* **What is expected**: Your task is to retype, word for word, the lines from the start of the data through the line holding "Крепление, Полочка, LED". Do not include the pictures.

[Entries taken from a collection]
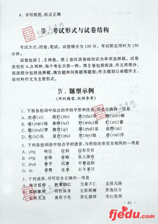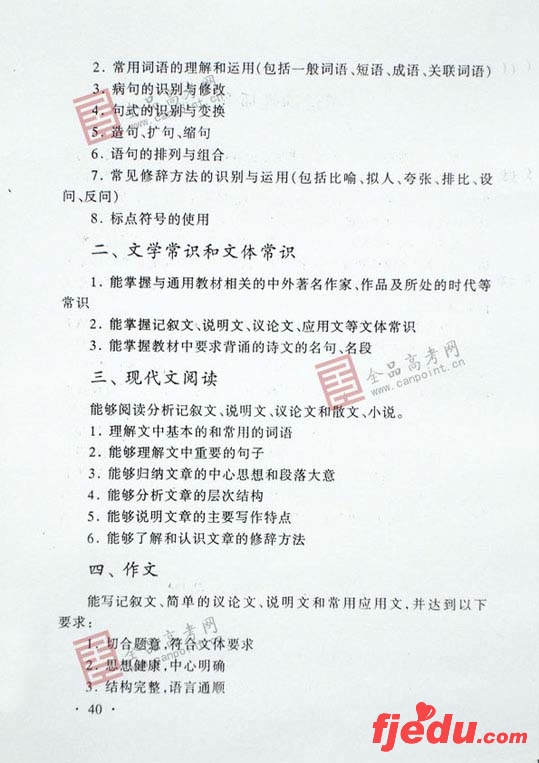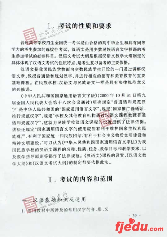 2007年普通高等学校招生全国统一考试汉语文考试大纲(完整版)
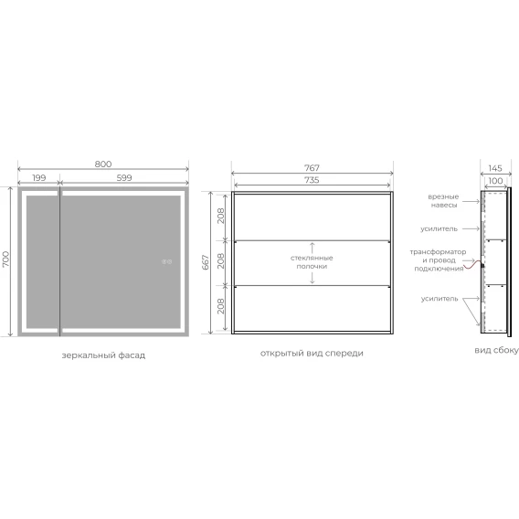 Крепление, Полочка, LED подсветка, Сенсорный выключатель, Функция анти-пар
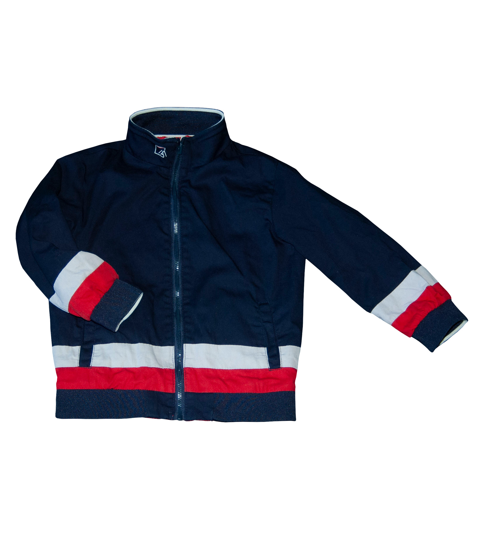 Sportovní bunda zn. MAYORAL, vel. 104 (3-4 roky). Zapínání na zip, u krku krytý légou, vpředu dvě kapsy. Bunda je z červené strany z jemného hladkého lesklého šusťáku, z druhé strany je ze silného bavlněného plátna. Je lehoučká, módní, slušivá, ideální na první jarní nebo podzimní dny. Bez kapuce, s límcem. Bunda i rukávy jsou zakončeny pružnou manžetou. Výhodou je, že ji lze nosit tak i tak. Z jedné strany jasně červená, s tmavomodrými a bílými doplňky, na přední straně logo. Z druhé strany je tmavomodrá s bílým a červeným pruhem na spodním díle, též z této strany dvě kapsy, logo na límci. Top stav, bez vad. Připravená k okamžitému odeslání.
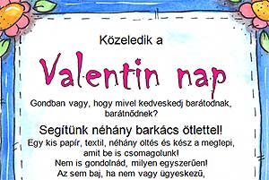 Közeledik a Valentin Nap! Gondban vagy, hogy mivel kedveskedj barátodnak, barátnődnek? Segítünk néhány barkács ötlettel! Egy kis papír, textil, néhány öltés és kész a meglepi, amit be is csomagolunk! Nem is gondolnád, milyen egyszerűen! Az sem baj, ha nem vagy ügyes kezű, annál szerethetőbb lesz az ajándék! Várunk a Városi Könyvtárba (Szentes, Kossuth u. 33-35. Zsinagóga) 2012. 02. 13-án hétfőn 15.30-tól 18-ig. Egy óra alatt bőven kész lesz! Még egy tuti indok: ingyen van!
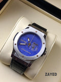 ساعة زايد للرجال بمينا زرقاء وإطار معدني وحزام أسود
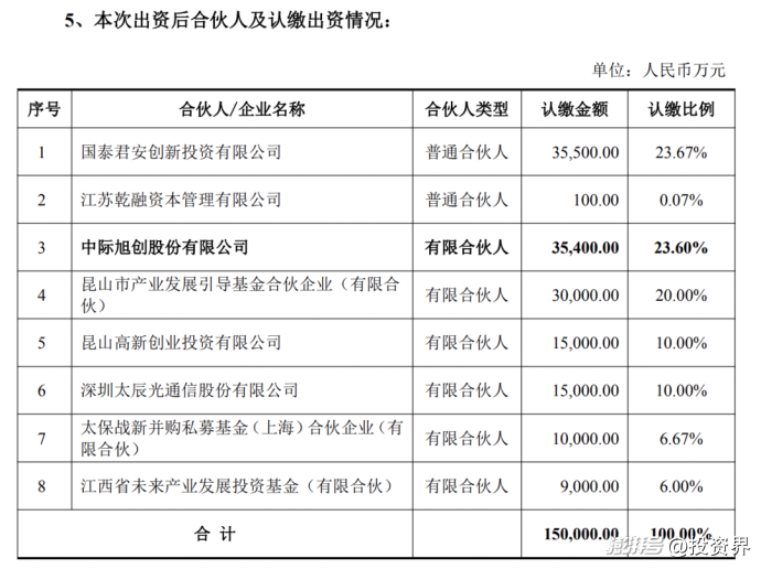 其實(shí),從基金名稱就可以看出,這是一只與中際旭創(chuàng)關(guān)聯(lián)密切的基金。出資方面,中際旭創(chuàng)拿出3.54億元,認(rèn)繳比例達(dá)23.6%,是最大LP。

* **Task response**:
 2007年普通高等学校招生全国统一考试汉语文考试大纲(完整版)
 Крепление, Полочка, LED подсветка, Сенсорный выключатель, Функция анти-пар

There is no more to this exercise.